2021-12-14 Thread Anthony D'Atri
At the risk of pedantry, I’d like to make a distinction, because this has 
tripped people up in the past.

Cluster names and config file names are two different things.  It’s easy to 
conflate them, which has caused some people a lot of technical debt and grief.  
Especially with `rbd-mirror`.  

Custom cluster names, ie any cluster that isn’t named “ceph” have been 
deprecated for a while, with upstream clearly indicating that code / support 
would be incrementally factored out.  They were originally intended for running 
more than one logical cluster on a given set of hardware, which it turns out 
very few people ever did.  They were also IMHO never 100% completely 
implemented.  Deploying a new cluster today with a custom name would be a bad 
idea.

My read of the OP’s post was multiple clusters, with no indication of their 
names.  Ideally all will be named “ceph”.  Reasons for multiple clusters 
include infrastructure generational shifts, geographical diversity, 
minimization of blast radius, and an operational desire to only grow a given 
cluster to a certain size.

So I fully expect `—cluster` to be removed from commands over time, and would 
not advocate implementing any infrastructure using it, either directly or via 
`CEPH_ARGS`.

`-c` and `-k` to point to conf and key files would be better choices.

Note that conf file naming is (mostly) arbitrary, and is not tied to the actual 
*cluster* name.  One might have for example:

/etc/ceph-cluster1/ceph.conf
/etc/ceph-clusster2.conf
/etc/ceph/cluster-1.conf
/etc/ceph/cluster-2.conf
/var/lib/tool/ethelmerman.conf

All would work, though for historical reasons I like to avoid having more than 
one .conf file under /etc/ceph.

> 
> Hello Mosharaf,
> 
> yes, that's no problem. On all of my clusters I did not have a ceph.conf
> in in the /etc/ceph folders on my nodes at all.
> 
> I have a .conf, .conf, 
> .conf ...
> configuration file in the /etc/ceph folder.

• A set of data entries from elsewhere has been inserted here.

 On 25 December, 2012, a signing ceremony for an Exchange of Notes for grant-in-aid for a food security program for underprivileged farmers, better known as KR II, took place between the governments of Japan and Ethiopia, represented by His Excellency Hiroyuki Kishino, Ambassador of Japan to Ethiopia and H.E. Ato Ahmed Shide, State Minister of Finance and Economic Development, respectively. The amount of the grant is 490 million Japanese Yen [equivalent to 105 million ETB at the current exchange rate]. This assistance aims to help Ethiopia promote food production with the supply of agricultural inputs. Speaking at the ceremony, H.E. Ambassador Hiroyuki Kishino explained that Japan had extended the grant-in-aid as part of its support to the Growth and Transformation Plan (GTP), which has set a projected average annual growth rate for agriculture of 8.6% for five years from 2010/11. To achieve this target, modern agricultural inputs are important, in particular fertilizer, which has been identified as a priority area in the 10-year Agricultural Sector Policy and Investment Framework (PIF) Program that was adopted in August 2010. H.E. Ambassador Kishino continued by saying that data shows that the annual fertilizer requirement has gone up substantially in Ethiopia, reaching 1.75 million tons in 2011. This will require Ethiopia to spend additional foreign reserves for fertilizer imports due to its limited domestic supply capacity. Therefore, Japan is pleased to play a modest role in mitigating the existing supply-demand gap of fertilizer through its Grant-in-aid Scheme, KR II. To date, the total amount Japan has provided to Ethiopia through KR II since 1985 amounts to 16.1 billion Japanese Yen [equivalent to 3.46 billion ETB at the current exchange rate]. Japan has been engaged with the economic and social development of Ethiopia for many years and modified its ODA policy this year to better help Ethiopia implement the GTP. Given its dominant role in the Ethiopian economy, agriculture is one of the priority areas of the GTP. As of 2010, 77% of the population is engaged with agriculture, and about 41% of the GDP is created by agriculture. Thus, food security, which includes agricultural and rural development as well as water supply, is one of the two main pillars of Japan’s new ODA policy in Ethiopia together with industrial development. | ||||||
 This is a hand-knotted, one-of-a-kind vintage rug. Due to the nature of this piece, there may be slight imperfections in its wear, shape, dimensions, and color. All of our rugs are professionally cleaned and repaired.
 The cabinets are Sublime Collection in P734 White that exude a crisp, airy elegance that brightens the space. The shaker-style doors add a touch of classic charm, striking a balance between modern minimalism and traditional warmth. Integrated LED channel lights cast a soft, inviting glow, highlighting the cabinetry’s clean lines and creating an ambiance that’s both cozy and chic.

One config file for each cluster.
> The same for the different key files e.g. .mon.keyring, 
> .mon.keyring
> Or the admin key .client.admin.keyring, 
> .mon.keyring
> 
> But keep in mind, if you go this way you have to provide the
> name of the cluster (points to the configuration file you are refering to)
> for nearly every ceph command together with the cluster keyword
> e.g: ceph --cluster  health detail
> or: rbd --cluster  ls 
> 
> 
> Regards
> Markus Baier
> -- 
> Markus Baier
> Systemadministrator
> Fachgebiet Self-Organizing Systems
> TU Darmstadt, Germany
> S3|19 1.7
> Rundeturmstrasse 12
> 64283 Darmstadt
> 
> Phone: +49 6151 16-57242
> Fax: +49 6151 16-57241
> E-Mail: markus.ba...@bcs.tu-darmstadt.de
> 
> Am 09.12.21 um 03:35 schrieb Mosharaf Hossain:
>> Hello Markus
>> Thank you for your direction.
>> I would like to let you know that the way you show it is quite meaningful 
>> but I am afraid how the ceph system would identify the configuration file as 
>> by default it uses ceph. conf in /etc/ceph folder. Can we define the config 
>> file as we want?
>> 
>> It will be helpful to give or show us guidelines to add the ceph client to 
>> multiple clusters.
>> 
>> 
>> 
>> 
>> Regards
>> Mosharaf Hossain
>> Deputy Manager, Product Development
>> IT Division
>> *
>> *
>> Bangladesh Export Import Company Ltd.
>> 
>> Level-8, SAM Tower, Plot #4, Road #22, Gulshan-1, Dhaka-1212,Bangladesh
>> 
>> Tel: +880 9609 000 999, +880 2 5881 5559, Ext: 14191, Fax: +880 2 9895757
>> 
>> Cell: +8801787680828, Email: mosharaf.hoss...@bol-online.com 
>> , Web: www.bol-online.com
>> 
>> 
>> 
>> 
>> On Tue, Nov 2, 2021 at 7:01 PM Markus Baier 
>>  wrote:
>> 
>>Hello,
>> 
>>yes you can use a single server to operate multiple clusters.
>>I have a configuration running, with two independent ceph clusters
>>running on the same node (of course multiple nodes for the two
>>clusters)
>> 
>>The trick is to work with multiple ceph.conf files, I use two
>>seperate ceph.conf files under /etc/ceph/
>>One is called .conf and the other .conf
>> 
>>Every cluster uses it's seperate network interfaces, so I use four
>>10GbE
>>Interfaces
>>for the two clusters, but you can also use vlans togehter with a
>>100GbE
>>Interface or a 100GbE NIC that can provide virtual ports for the
>>separation
>>of the networks and the distribution of the network load.
>> 
>>Every cluster uses also a seperate keyring, so e.g for the first
>>cluster you have a keyring named .mon.keyring
>>and for the second one .mon.keyring
>>inside of the /etc/ceph folder.
>> 
>>To administrate the whole thing, ceph provide
>>the --cluster parameter for the command line programs.
>>So ceph --cluster  -s
>>will show the outputs for cluster one and
>>ceph --cluster  -s
>>for the cluster two
>> 
>> 
>>

[ceph-users] Announcing go-ceph v0.13.0

2021-12-14 Thread John Mulligan
I'm happy to announce another release of the go-ceph API library. This is a 
regular release following our every-two-months release cadence.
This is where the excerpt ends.